All of the data should be copied exactly, with the pictures left out.

Data excerpt:
· · · · ·

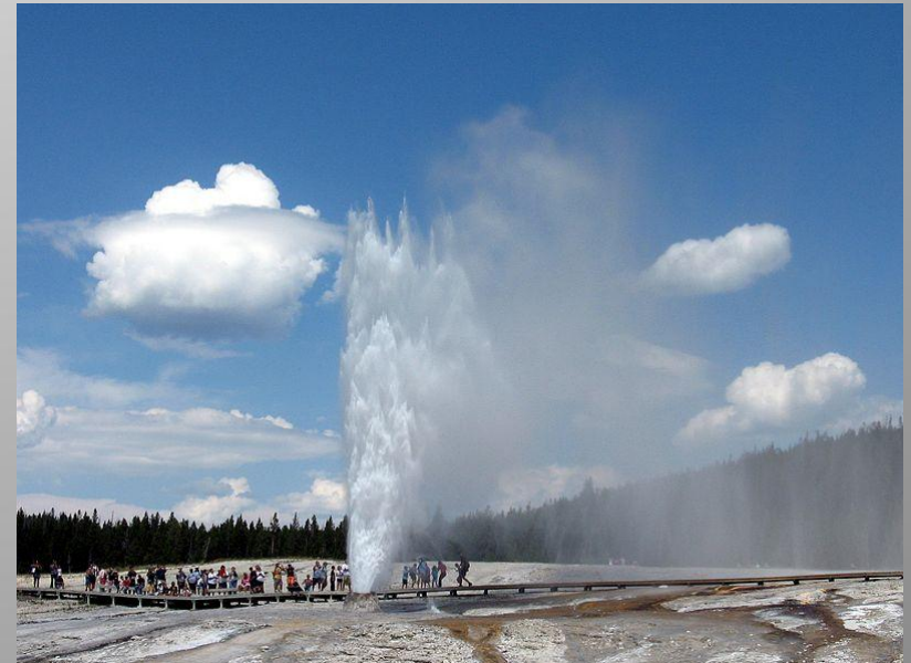
Beehive Geyser Erupting
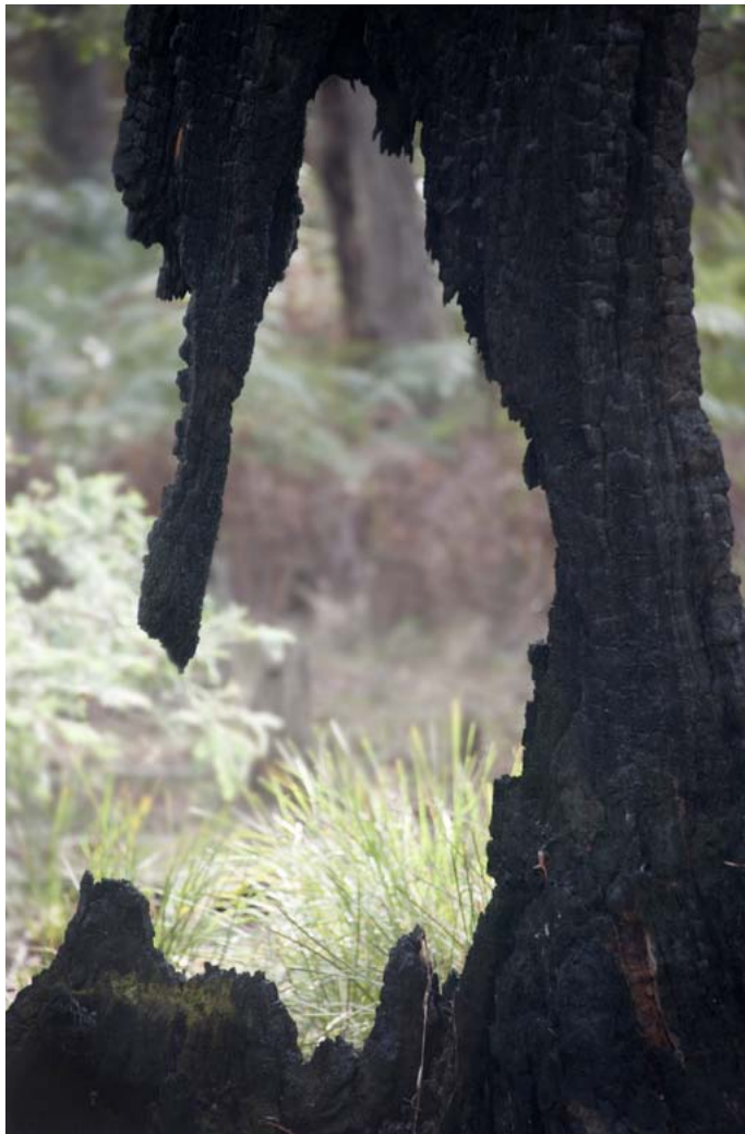
The destruction of stags (standing dead trees) through prescribed burns means the loss of vital habitat for gliders, birds and numerous other animals that rely on hollows as habitat.

topography, wind speed, vegetation type and moisture levels along with other factors. Grasslands, sclerophyll forests, temperate rainforests and other ecosystems all function in very different ways, including in their adaptations to fire. Enormous variation also occurs within the one ecosystem type. I am not a fire scientist and recognise the detailed assessments, preparation and planning necessary to determine burning regimes, yet too often it appears that burns are not tailored specifically to local ecologies, climates and situations.

· · · · ·

Answer box:
Beehive Geyser Erupting
The destruction of stags (standing dead trees) through prescribed burns means the loss of vital habitat for gliders, birds and numerous other animals that rely on hollows as habitat.

topography, wind speed, vegetation type and moisture levels along with other factors. Grasslands, sclerophyll forests, temperate rainforests and other ecosystems all function in very different ways, including in their adaptations to fire. Enormous variation also occurs within the one ecosystem type. I am not a fire scientist and recognise the detailed assessments, preparation and planning necessary to determine burning regimes, yet too often it appears that burns are not tailored specifically to local ecologies, climates and situations.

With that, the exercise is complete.